PROBLEM DESCRIPTION:
Give all of the listing again word for word, with images excluded.

SUPPLIED MATERIAL:
──────────────────────────────

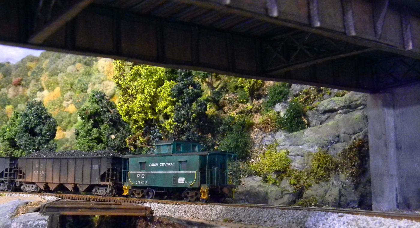 Rolling coal down into the gorge with this former Penn Central cab unit...
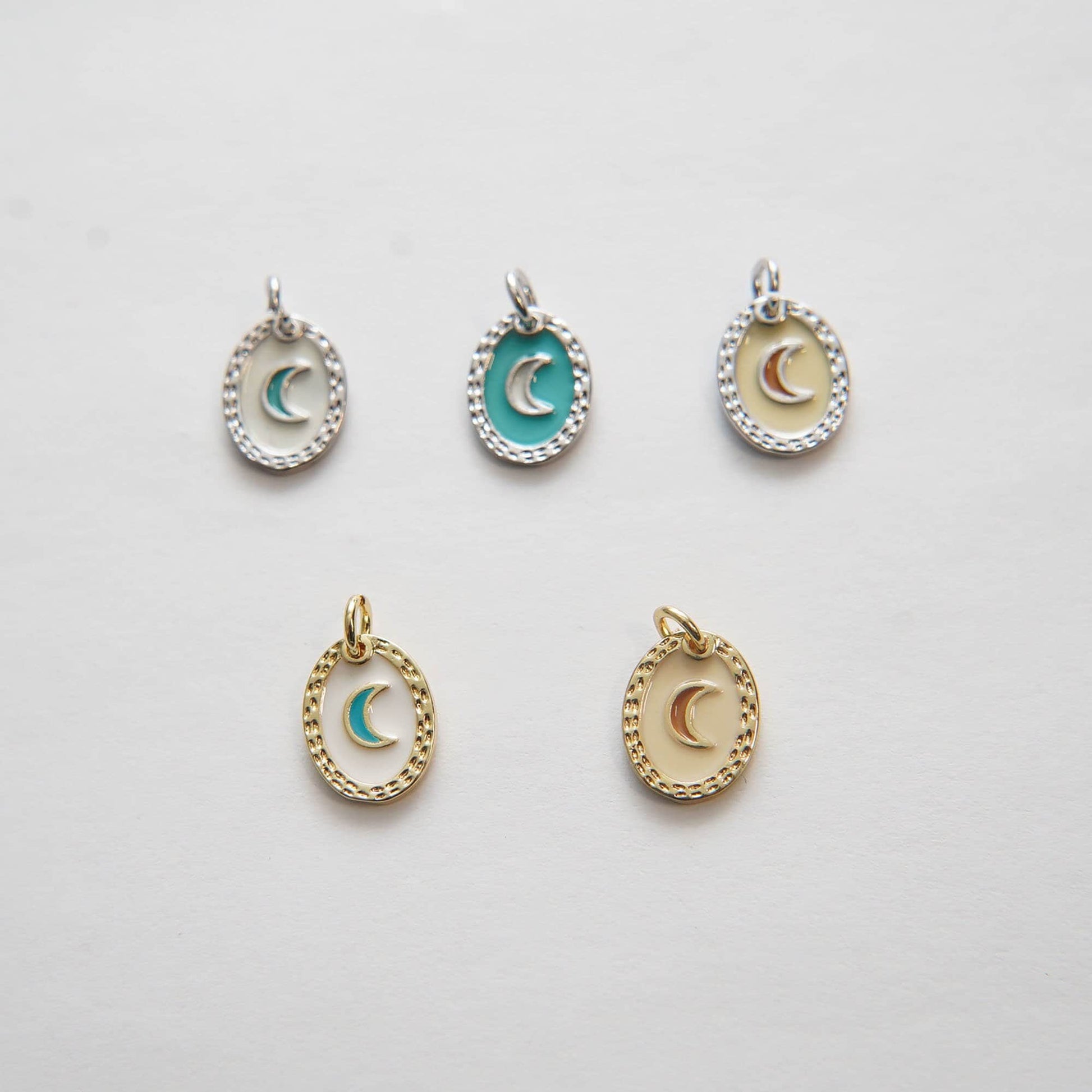 Gold Moon Charms,18K Gold Filled Oval Enamel Moon Pendant,Silver Moon Charm Bracelet Necklace for DIY Jewelry Making Supply
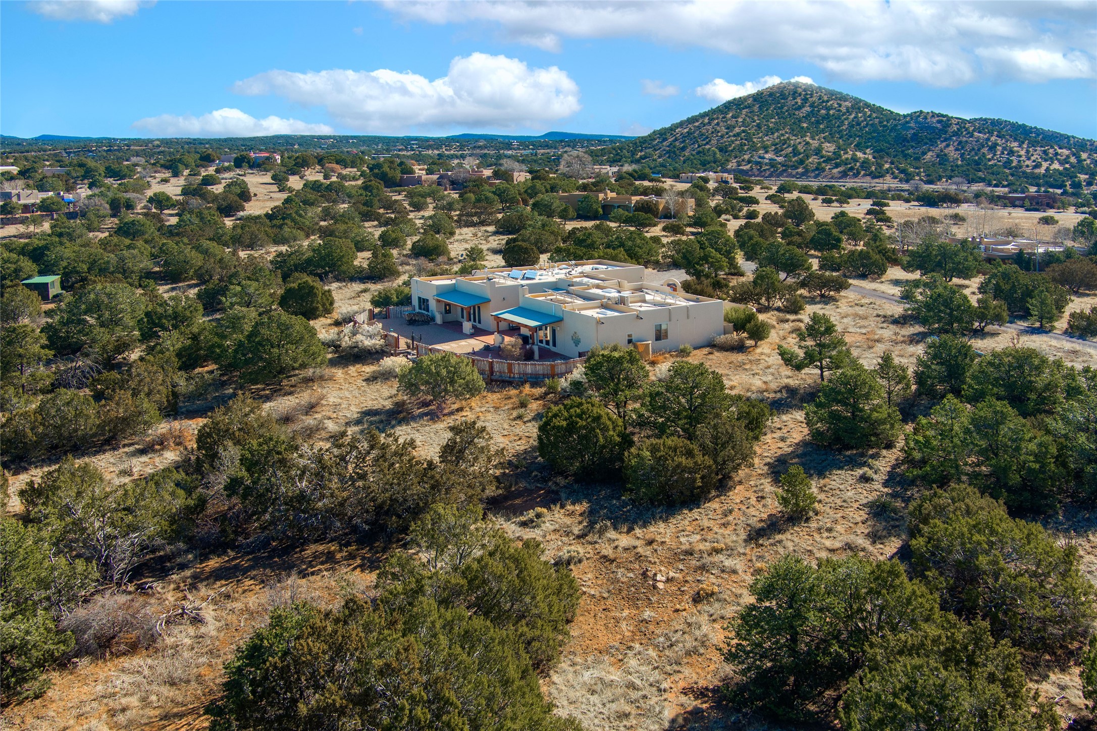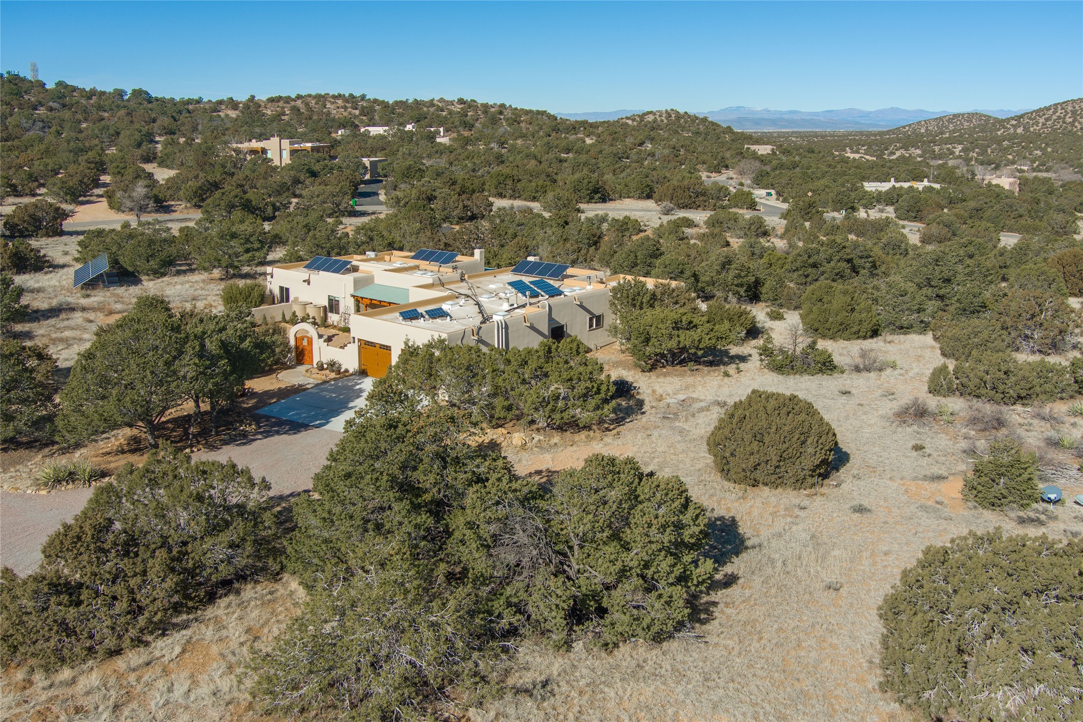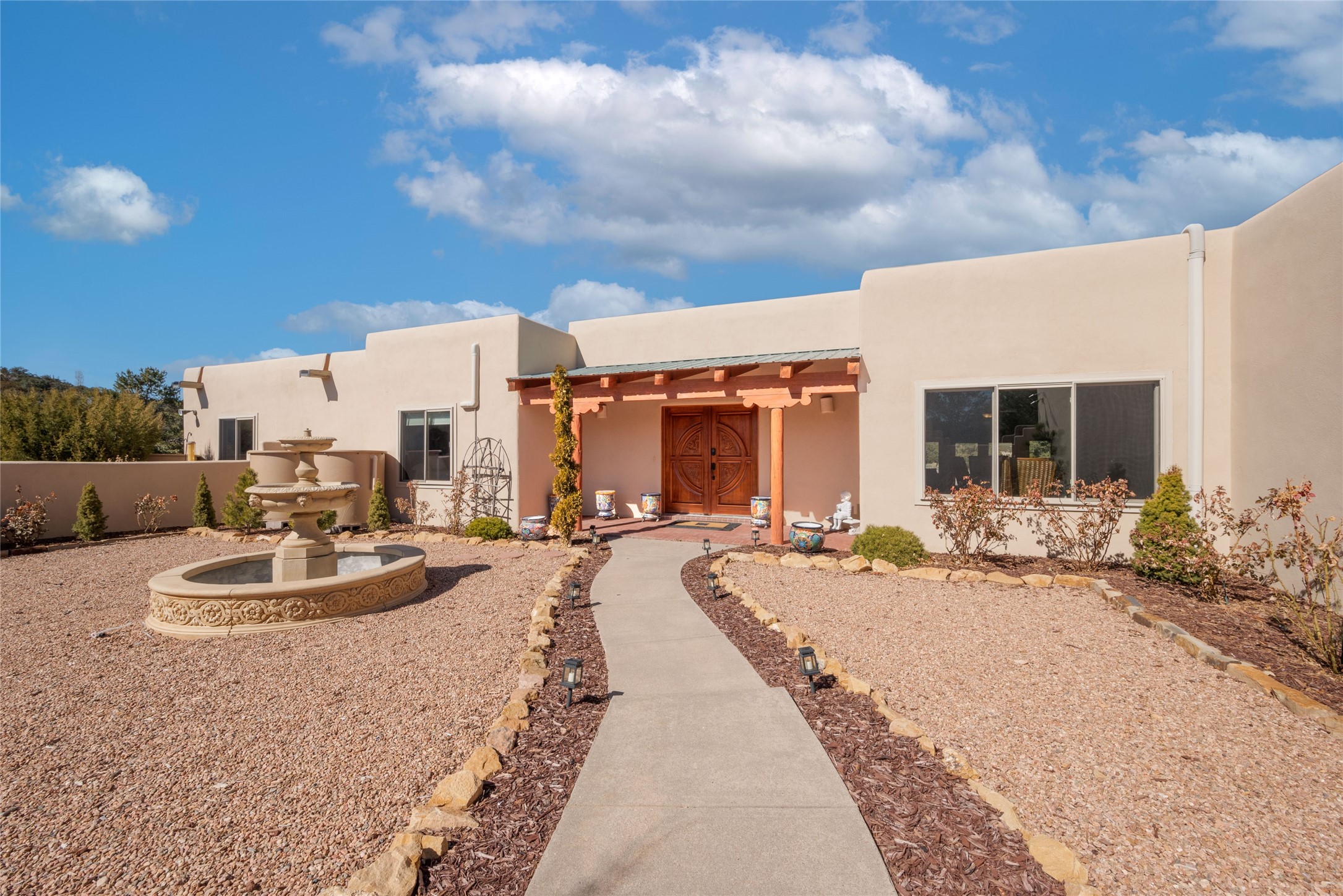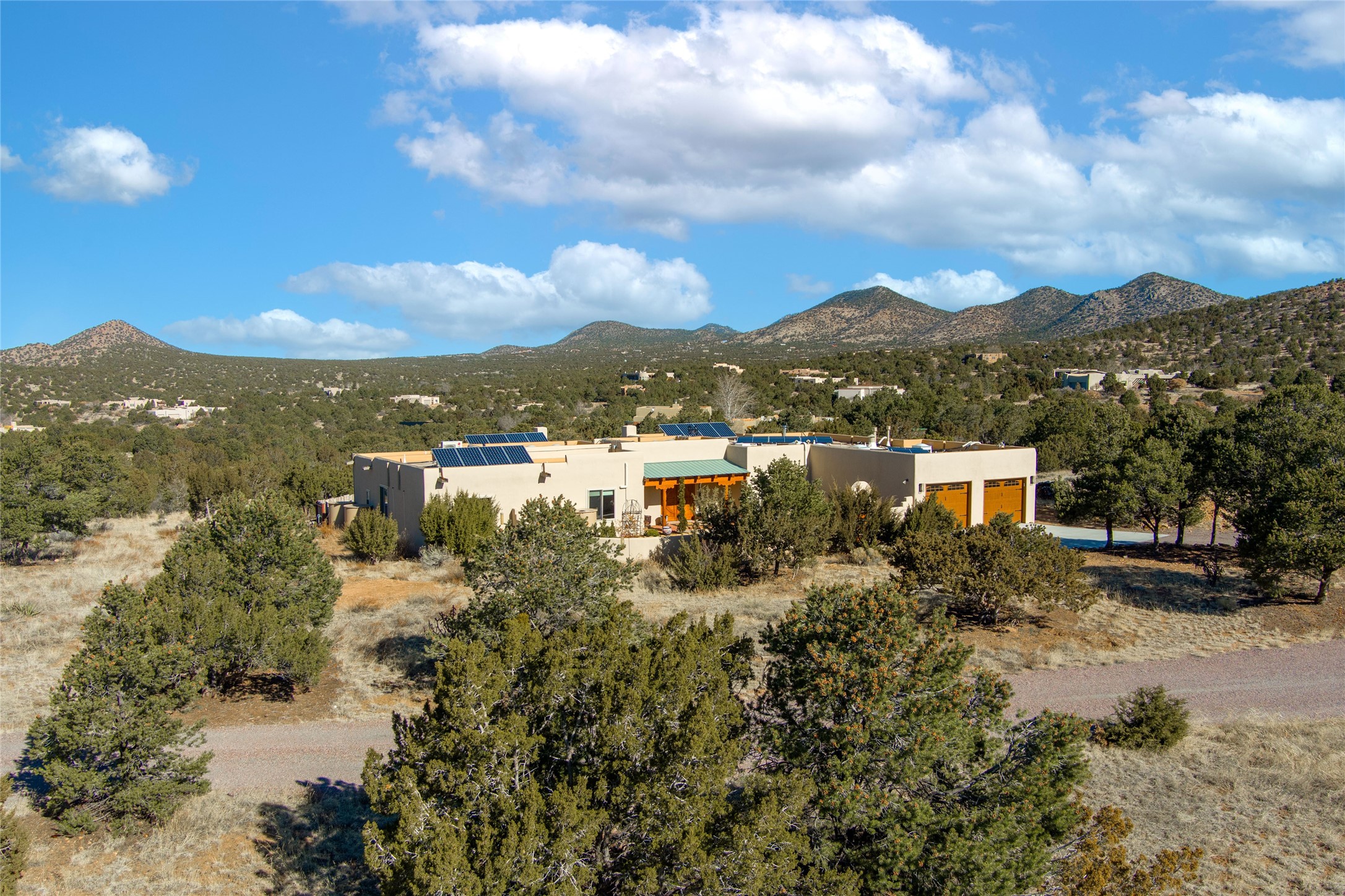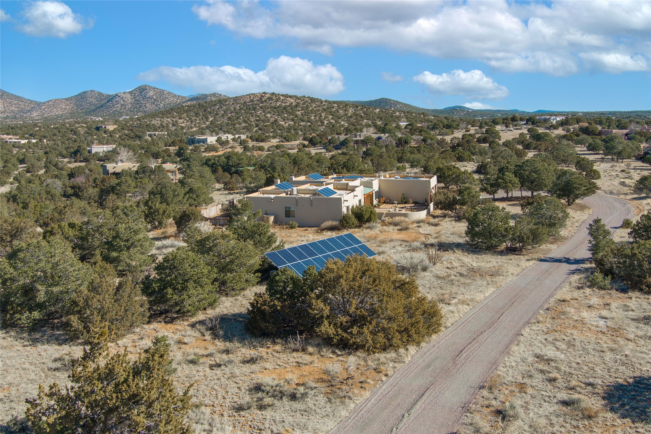 Relaxed southwest elegance in a parklike setting best describes this Dos Griegos home. The hacienda-style floor plan with spacious light-filled living areas is ideal for entertaining or quiet repose. Enclosed courtyards both front and rear offer unrivaled exterior living spaces to enjoy mountain views, starry nights and dramatic New Mexico skies from the private 3+ acre property. Traditional kiva-style fireplaces adorn the living room and primary suite. A spacious and light-filled bonus room with wet-bar and min-frig is ideal for a den, office, studio or media room. The kitchen is a dream featuring expansive granite counters, abundant solid wood cabinetry and top-quality appliances including a Bertazzoni gas range from Italia. The home has been extensively updated both inside and out, from new stucco, windows, landscaping, entry and patio doors to gorgeous bathroom restyling, hardware and fixture upgrades, appliances, and on and on. A complete summary of improvements is available. The home also includes a photovoltaic solar power system providing most if not all of the home's electrical needs. Dos Griegos is located only about 15 minutes from the vibrant and historic City of Santa Fe. Nearby shopping, dining and recreation options are within minutes of the property. This is a special home on a wonderful parcel in a coveted location, the triple crown!

──────────────────────────────

SOLUTION TO THIS EXERCISE:
 Rolling coal down into the gorge with this former Penn Central cab unit...
 Gold Moon Charms,18K Gold Filled Oval Enamel Moon Pendant,Silver Moon Charm Bracelet Necklace for DIY Jewelry Making Supply
 Relaxed southwest elegance in a parklike setting best describes this Dos Griegos home. The hacienda-style floor plan with spacious light-filled living areas is ideal for entertaining or quiet repose. Enclosed courtyards both front and rear offer unrivaled exterior living spaces to enjoy mountain views, starry nights and dramatic New Mexico skies from the private 3+ acre property. Traditional kiva-style fireplaces adorn the living room and primary suite. A spacious and light-filled bonus room with wet-bar and min-frig is ideal for a den, office, studio or media room. The kitchen is a dream featuring expansive granite counters, abundant solid wood cabinetry and top-quality appliances including a Bertazzoni gas range from Italia. The home has been extensively updated both inside and out, from new stucco, windows, landscaping, entry and patio doors to gorgeous bathroom restyling, hardware and fixture upgrades, appliances, and on and on. A complete summary of improvements is available. The home also includes a photovoltaic solar power system providing most if not all of the home's electrical needs. Dos Griegos is located only about 15 minutes from the vibrant and historic City of Santa Fe. Nearby shopping, dining and recreation options are within minutes of the property. This is a special home on a wonderful parcel in a coveted location, the triple crown!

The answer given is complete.